What needs to be done:
Below are entries; copy exactly, and only, the lines from the one containing "Este juego de" through their final line, leaving out pictures.

Top of Material shown

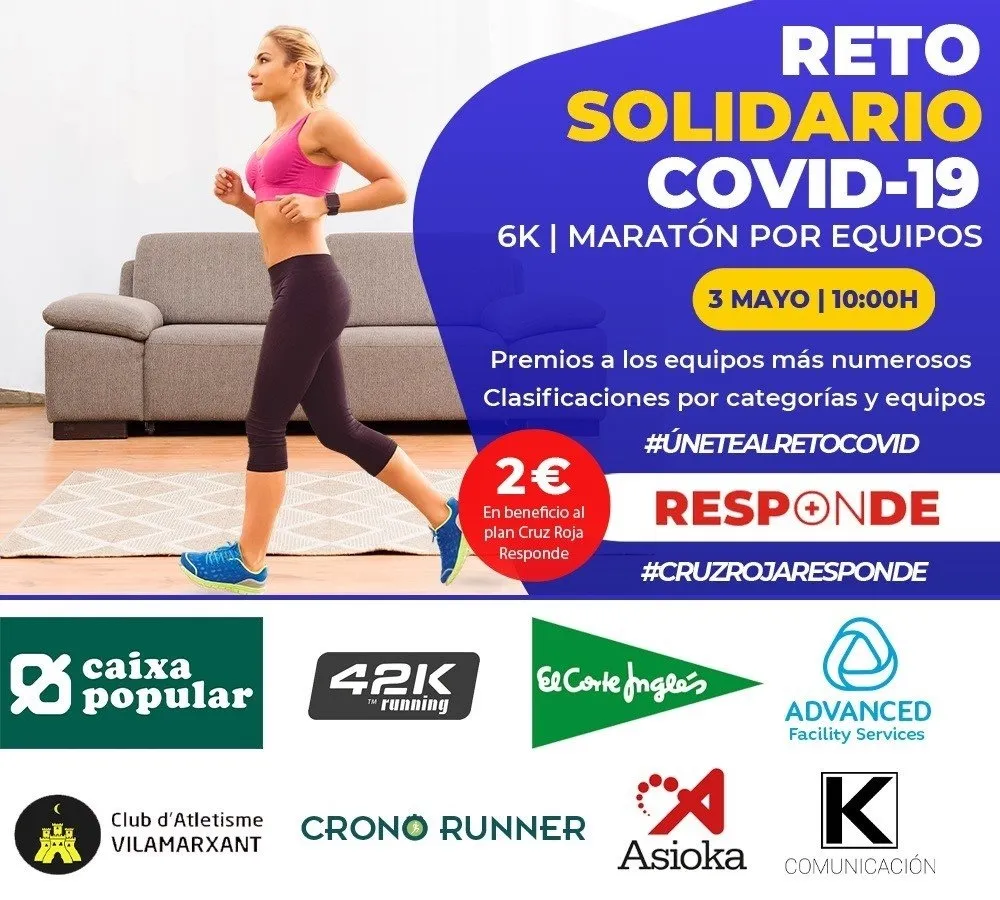 El 'Reto solidario Covid-19' es un maratón por equipos y una carrera de seis kilómetros exclusivamente interior que se celebrará el domingo 3 de mayo de 10 a 14 horas, en cintas de correr o en zonas privadas, sin salir a la calle.
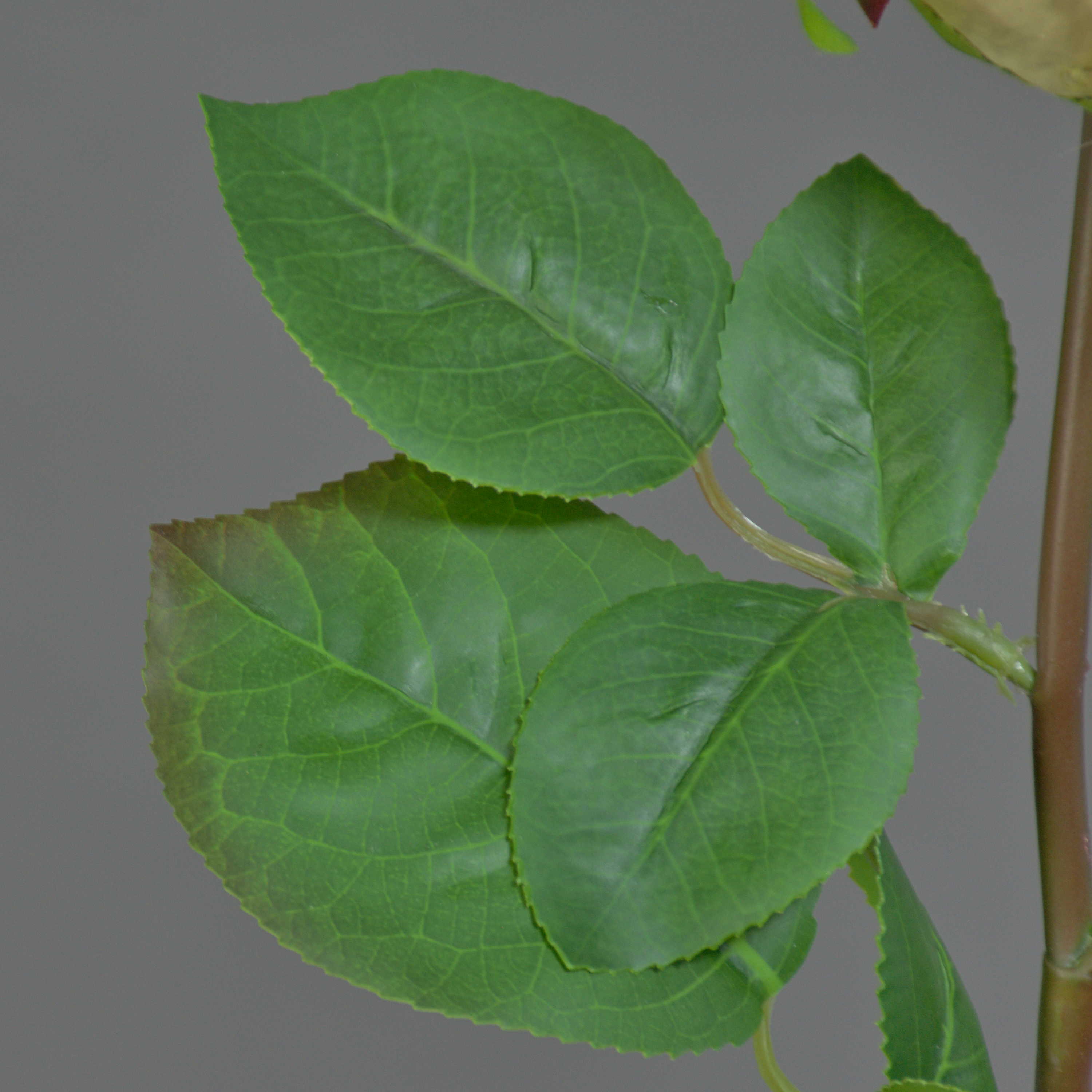 - Les fleurs doubles au toucher naturel se distinguent par leur surface particulière (real touch), les feuilles possèdent un bord dentelé et des veines bien visibles
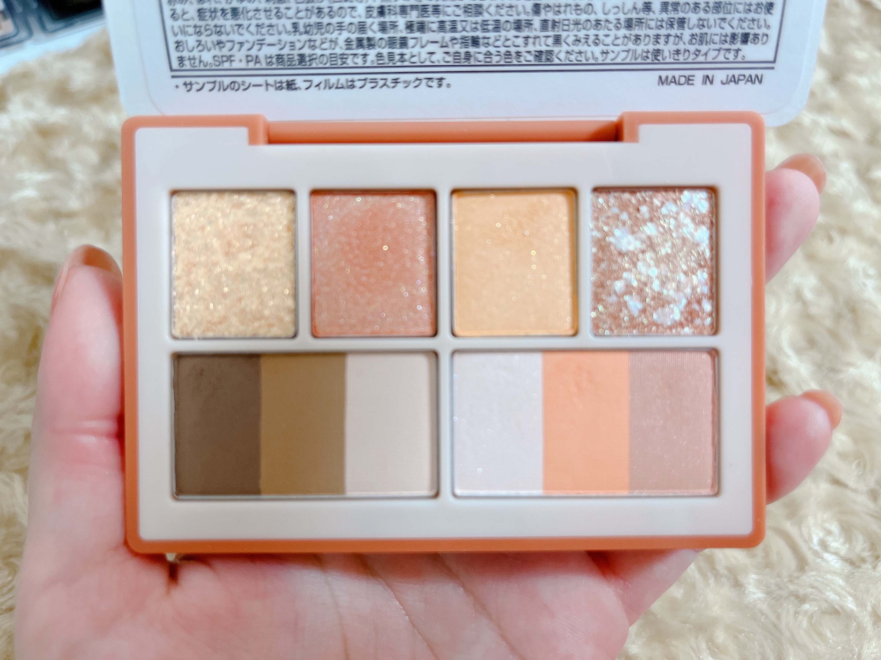 マルチパレット系は、これまで試したやつはあんまり個々のクオリティが高くないイメージだったんだけど、これはアイシャドウとしてもチークとしてもアイブロウとしても優秀。 オレンジ系カラーで統一されているから、メイク初心者の人におすすめしたいくらい! アイシャドウは右端のvintage?ってラメが韓国風のベタってくっつく感じでかわいい♡ チークはめっちゃ発色がいいので、普段のノリでいくとおてもやんになる笑 アイブロウ粉柔らかめでちょっとしっかり目の色。 そしてなんといっても大きい鏡が付いてるからどこにいても化粧しやすい! 私はこれにベースメイクとアイブロウブラシとハイライトとチークブラシとイニスフリーのちっちゃいマットシャドウと、アイライナー(マスカラも使えば)だけ持ってお出かけできる♡
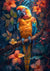 Auf diesem Gemälde sehen Sie einen lebhaften Papagei mit blauen und orangefarbenen Federn, der auf einem Ast sitzt, umgeben von leuchtend orangefarbenen und gelben Blumen sowie üppigem grünen Laub. Der Hintergrund ist dunkel, wodurch der Papagei und das Laubwerk besonders gut zur Geltung kommen.
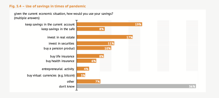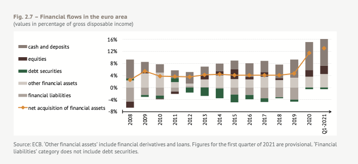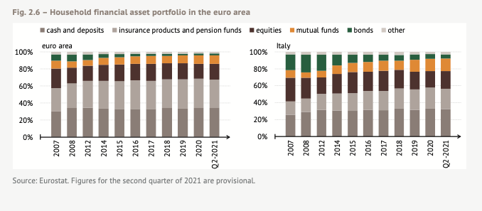 Il grafico sopra ci comunica un’altra informazione interessante. All’aumento delle posizioni liquide ha corrisposto un sostanziale calo degli acquisti obbligazionari, “vittime” probabili dell’ambiente finanziario a tassi praticamente azzerati, mentre si è osservata una certa crescita dell’azionario, dei fondi e dei prodotti assicurativi. L’età dei tassi bassi, insomma, se da un lato ha spinto molte persone a rimanere liquide, ha anche alimentato una certa richiesta di rendimento, che ha trovato soddisfazione negli investimenti più rischiosi.
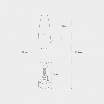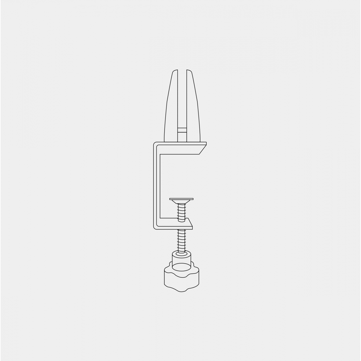 Contiene todos los elementos necesarios para anclar con tornillería a la superficie de la mesa o al canto de la misma a través de un tornillo regulable que se puede añadir a la pinza para la sujeción del panel.
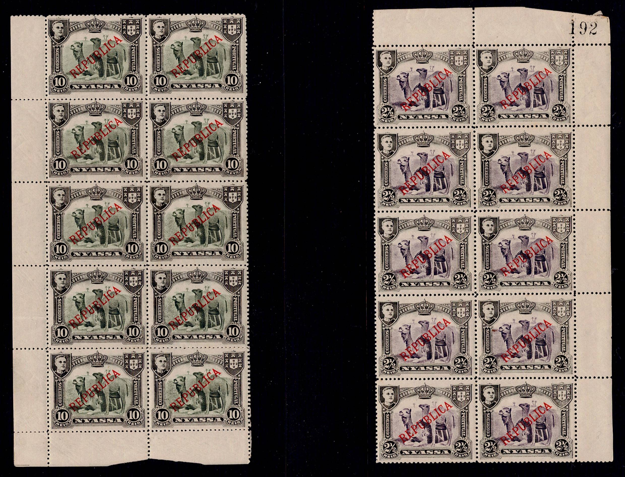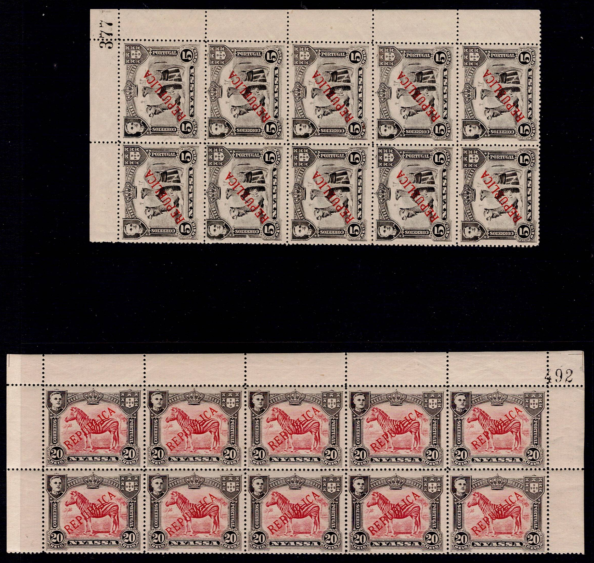 2070 imageNiassa Company 1911 D. Manuel II with Republic overprint. 4 BLOCKS of 10 stamps in sheet corner Mf#52-55, from 2.5 reis violet to 20 reis carmine, in new stamps with original gum and without hinge, with some traces of oxide, printed by Waterlow & Sons, Ltd, in London. Catalog value €200. Fragile, with some loose serrations.(Image 1) (Image 2)
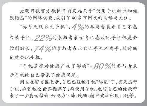 “白天工作很辛苦,下班回家玩手机是我一天最放松的时刻。”湖南长沙27岁的白领尹靖说,白天上班盯着电脑、手机沟通工作,晚上回家在手机上刷微博、抖音放松身心,已经成了她生活的常态。去年疫情期间,待在家里的她更是每天手机不离手,吃饭都在刷手机,“有段时间明显感觉到视力下降了,后来去测了下,近视度数增加了100多度。”尹靖说。
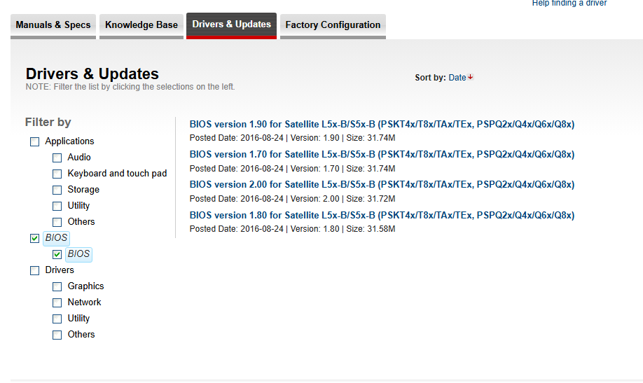 So I guess what I am wondering is whether an official BIOS update for SATELLITE L50-B is a sure match for a SATELLITE L50-B-1DZ, without having received an exact match for the product serial number?
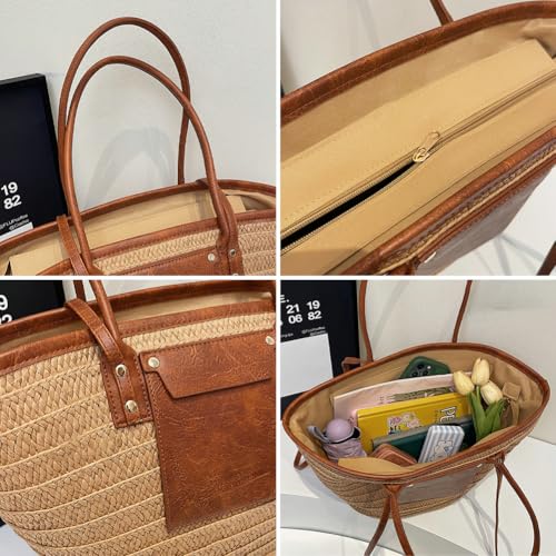 • Fashion Design: Made of high-quality woven straw with stylish PU leather trims, this bag combines natural texture with modern elegance for a perfect summer accessory
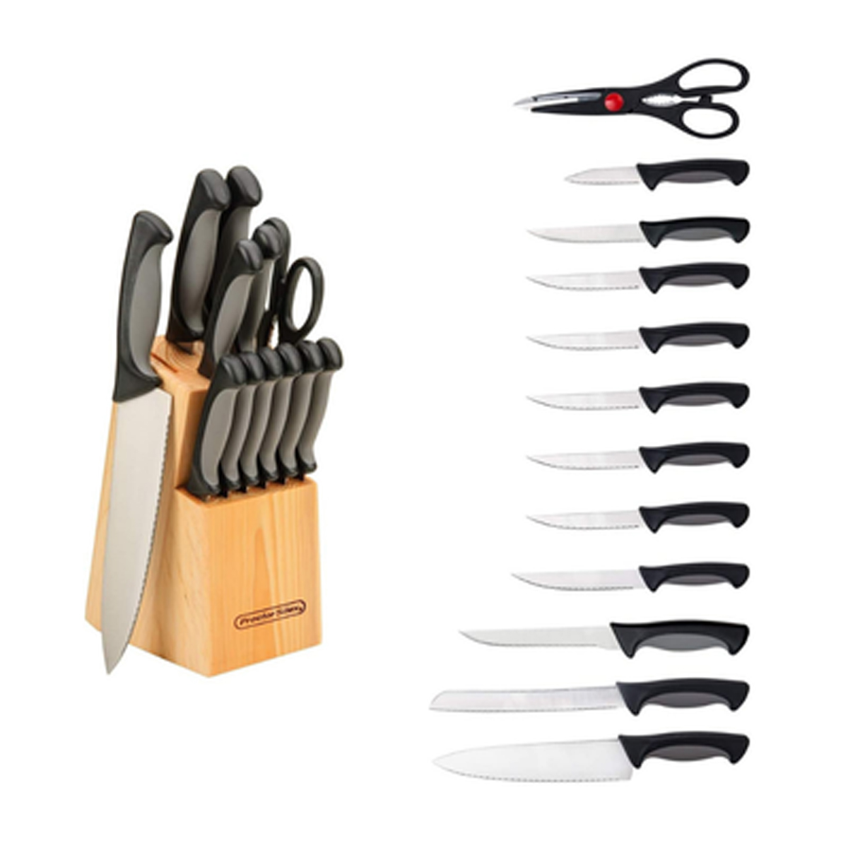 Este juego de cuchillos, posee mangos suaves de dos tonos diseñados por expertos, para dar la mejor experiencia de cocina. Incluye once cuchillos de tipo profesional y tijeras para uso en la cocina.
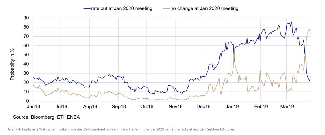 Ein weiteres Indiz für die zukünftige wirtschaftliche Einschätzung der Märkte ist sicherlich auch das Renditeniveau der 10-jährigen Bundesanleihe und der US-Staatsanleihe (siehe Grafik 3). Am Freitag, den 22.3.2019 wurde die aktuelle 10-jährige Bundesanleihe zum ersten Mal seit 2016 mit einer negativen Rendite gehandelt. Dies ist möglicherweise nicht nur der Einschätzung der Märkte im Hinblick auf eine künftige wirtschaftliche Schwäche geschuldet, sondern auch der Angst vor dem möglichen Chaos, falls es doch zu einem ungeordneten Brexit am 12.4.2019 kommt. Die Rendite der 10-jährigen US-Staatsanleihe fiel damit auch unter 2,5 %. Dieses Niveau an sich ist erst einmal nicht so wichtig. Was aber die Marktteilnehmer aufschrecken ließ, war die Tatsache, dass nun zum ersten Mal seit 2006 die Renditekurve in den USA zwischen der 3-Monatsrendite und der 10-Jahresrendite invertierte (siehe Grafik 5). Die vergangen sechs Rezessionen in den USA wurden immer 12 bis 18 Monate im Voraus von einer Inversion der Zinskurve angekündigt. Insofern war die Marktreaktion verständlich, die zukünftigen Leitzinsänderungen der US-Notenbank neu zu bewerten (siehe Grafik 4). Nachdem die Kurve invertierte, hat der Markt (errechnet aus den US-Zinsfutures) die Wahrscheinlichkeit einer Zinssenkung durch die US-Notenbank in ihrer Sitzung Ende Januar 2020 von knapp 50 % auf fast 80 % deutlich erhöht, während gleichzeitig die Wahrscheinlichkeit des Ausbleibens einer Zinsänderung entsprechend fiel!

Bottom of Material shown

Task output:
 Este juego de cuchillos, posee mangos suaves de dos tonos diseñados por expertos, para dar la mejor experiencia de cocina. Incluye once cuchillos de tipo profesional y tijeras para uso en la cocina.
 Ein weiteres Indiz für die zukünftige wirtschaftliche Einschätzung der Märkte ist sicherlich auch das Renditeniveau der 10-jährigen Bundesanleihe und der US-Staatsanleihe (siehe Grafik 3). Am Freitag, den 22.3.2019 wurde die aktuelle 10-jährige Bundesanleihe zum ersten Mal seit 2016 mit einer negativen Rendite gehandelt. Dies ist möglicherweise nicht nur der Einschätzung der Märkte im Hinblick auf eine künftige wirtschaftliche Schwäche geschuldet, sondern auch der Angst vor dem möglichen Chaos, falls es doch zu einem ungeordneten Brexit am 12.4.2019 kommt. Die Rendite der 10-jährigen US-Staatsanleihe fiel damit auch unter 2,5 %. Dieses Niveau an sich ist erst einmal nicht so wichtig. Was aber die Marktteilnehmer aufschrecken ließ, war die Tatsache, dass nun zum ersten Mal seit 2006 die Renditekurve in den USA zwischen der 3-Monatsrendite und der 10-Jahresrendite invertierte (siehe Grafik 5). Die vergangen sechs Rezessionen in den USA wurden immer 12 bis 18 Monate im Voraus von einer Inversion der Zinskurve angekündigt. Insofern war die Marktreaktion verständlich, die zukünftigen Leitzinsänderungen der US-Notenbank neu zu bewerten (siehe Grafik 4). Nachdem die Kurve invertierte, hat der Markt (errechnet aus den US-Zinsfutures) die Wahrscheinlichkeit einer Zinssenkung durch die US-Notenbank in ihrer Sitzung Ende Januar 2020 von knapp 50 % auf fast 80 % deutlich erhöht, während gleichzeitig die Wahrscheinlichkeit des Ausbleibens einer Zinsänderung entsprechend fiel!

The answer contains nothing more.